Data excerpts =
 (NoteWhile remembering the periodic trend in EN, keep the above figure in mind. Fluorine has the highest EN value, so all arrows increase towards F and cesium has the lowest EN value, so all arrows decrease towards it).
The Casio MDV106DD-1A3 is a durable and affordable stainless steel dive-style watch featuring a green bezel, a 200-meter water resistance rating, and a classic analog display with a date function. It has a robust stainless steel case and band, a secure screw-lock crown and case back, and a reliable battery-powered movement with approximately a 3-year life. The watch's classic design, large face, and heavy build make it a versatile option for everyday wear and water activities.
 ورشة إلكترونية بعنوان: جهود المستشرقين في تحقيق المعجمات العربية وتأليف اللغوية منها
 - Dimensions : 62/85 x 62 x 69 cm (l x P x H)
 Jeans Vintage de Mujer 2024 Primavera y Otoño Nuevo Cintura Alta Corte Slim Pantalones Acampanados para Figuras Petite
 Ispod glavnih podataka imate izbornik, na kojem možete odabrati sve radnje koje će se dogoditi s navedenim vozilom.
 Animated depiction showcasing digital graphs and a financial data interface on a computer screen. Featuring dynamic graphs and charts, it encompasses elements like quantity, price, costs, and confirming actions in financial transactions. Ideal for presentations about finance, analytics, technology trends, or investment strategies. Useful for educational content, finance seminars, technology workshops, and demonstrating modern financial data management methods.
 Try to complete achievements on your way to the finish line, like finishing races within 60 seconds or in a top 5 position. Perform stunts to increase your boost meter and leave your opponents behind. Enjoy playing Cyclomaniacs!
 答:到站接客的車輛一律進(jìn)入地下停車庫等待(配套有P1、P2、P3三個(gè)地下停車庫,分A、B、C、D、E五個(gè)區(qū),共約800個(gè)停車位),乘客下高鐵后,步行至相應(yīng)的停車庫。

Problem description = Reproduce the data above in full. Leave nothing out.

Expected answer =
 (NoteWhile remembering the periodic trend in EN, keep the above figure in mind. Fluorine has the highest EN value, so all arrows increase towards F and cesium has the lowest EN value, so all arrows decrease towards it).
The Casio MDV106DD-1A3 is a durable and affordable stainless steel dive-style watch featuring a green bezel, a 200-meter water resistance rating, and a classic analog display with a date function. It has a robust stainless steel case and band, a secure screw-lock crown and case back, and a reliable battery-powered movement with approximately a 3-year life. The watch's classic design, large face, and heavy build make it a versatile option for everyday wear and water activities.
 ورشة إلكترونية بعنوان: جهود المستشرقين في تحقيق المعجمات العربية وتأليف اللغوية منها
 - Dimensions : 62/85 x 62 x 69 cm (l x P x H)
 Jeans Vintage de Mujer 2024 Primavera y Otoño Nuevo Cintura Alta Corte Slim Pantalones Acampanados para Figuras Petite
 Ispod glavnih podataka imate izbornik, na kojem možete odabrati sve radnje koje će se dogoditi s navedenim vozilom.
 Animated depiction showcasing digital graphs and a financial data interface on a computer screen. Featuring dynamic graphs and charts, it encompasses elements like quantity, price, costs, and confirming actions in financial transactions. Ideal for presentations about finance, analytics, technology trends, or investment strategies. Useful for educational content, finance seminars, technology workshops, and demonstrating modern financial data management methods.
 Try to complete achievements on your way to the finish line, like finishing races within 60 seconds or in a top 5 position. Perform stunts to increase your boost meter and leave your opponents behind. Enjoy playing Cyclomaniacs!
 答:到站接客的車輛一律進(jìn)入地下停車庫等待(配套有P1、P2、P3三個(gè)地下停車庫,分A、B、C、D、E五個(gè)區(qū),共約800個(gè)停車位),乘客下高鐵后,步行至相應(yīng)的停車庫。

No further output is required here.